Miércoles 22 de Abril Feria. Blanco
Lecturas
Hch 8, 1b-8
Sal 65 (66), 1-3a.4-7a
Evangelio según San Juan 6, 35-40
La gente preguntó a Jesús: «¿Qué signos haces para que veamos y creamos en ti? ¿Qué obra realizas? Nuestros padres comieron el maná en el desierto, como dice la Escritura: “Les dio de comer el pan bajado del cielo”.»
Jesús respondió: «Les aseguro que no es Moisés el que les dio el pan del cielo; mi Padre les da el verdadero pan del cielo; porque el pan de Dios es el que desciende del cielo y da Vida al mundo.»
Ellos le dijeron: «Señor, danos siempre de ese pan.»
Jesús les respondió: «Yo soy el pan de Vida. El que viene a mí jamás tendrá hambre; el que cree en mí jamás tendrá sed.»

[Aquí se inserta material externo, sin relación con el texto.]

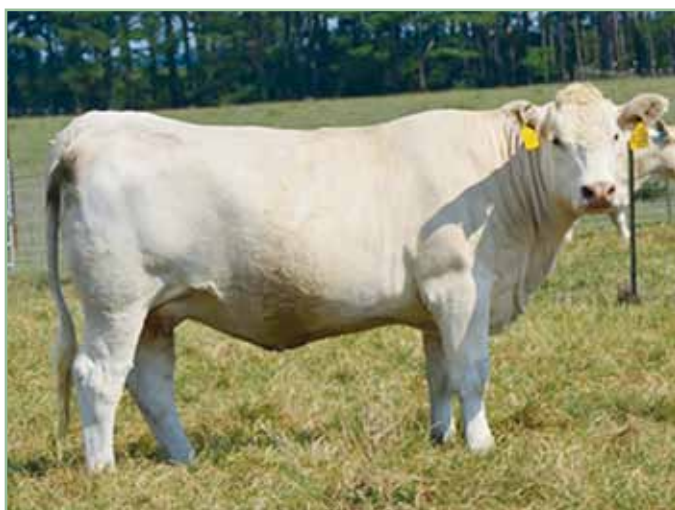
Lot 16, BAMBOO MS DUKE 4332

Confiar en Dios, que nos ama, que en Jesucristo ha asumido la naturaleza humana, es al propio tiempo profesión de fe y seguridad de vida eterna. Y si tenemos fe en la vida eterna, hacemos profesión de fe en el Dios vivo. Dado que existe Dios, sabemos que nos llama y nos ve, que no caminamos hacia la nada. A partir de aquí la fe en la vida eterna deviene una afirmación enteramente práctica, no una teoría acerca de algo que acontecerá alguna vez. Por eso, fue conveniente y oportuno que la Congregación de la Fe, en Roma, nos recordará de nuevo a toda la humanidad la fe en la vida eterna, que se identifica con la fe en el Dios hecho hombre que nos ha amado hasta la muerte. Fue correcto y necesario que se nos recordara que la medida del hombre se llama eternidad, que hay cielo, infierno y purgatorio, que el hombre tiene un alma que no se descompone con el cuerpo, sino que es portadora de un ser objeto del amor de Dios, es decir, es portadora de la resurrección. Es una afirmación práctica, porque todas las dimensiones de nuestra vida se definen a partir de ella. Ello significa que hemos de vivir en lo imperecedero (…).
La fe aspira —como, por lo demás, todo amor entre Cristo y nosotros— a que haya un intercambio de vida, a que nuestra vida se inscriba en la suya y la suya en la nuestra, a que estén en vigor las palabras que Santa Teresa escuchó dentro de sí misma como palabras del Señor: «¡No te aflijas, mis asuntos son los tuyos y los tuyos son míos!» Debiéramos vivir de modo que fuera posible este intercambio de vida, que nuestros asuntos se tornaran suyos y los suyos nuestros y nuestra vida fuera inseparable de la suya, pues sólo así sería una vida verdadera.
Ratzinger, J. (2021). Cooperadores de la verdad: Una meditación para cada día del año (Vol. 201). Ediciones Rialp, SA.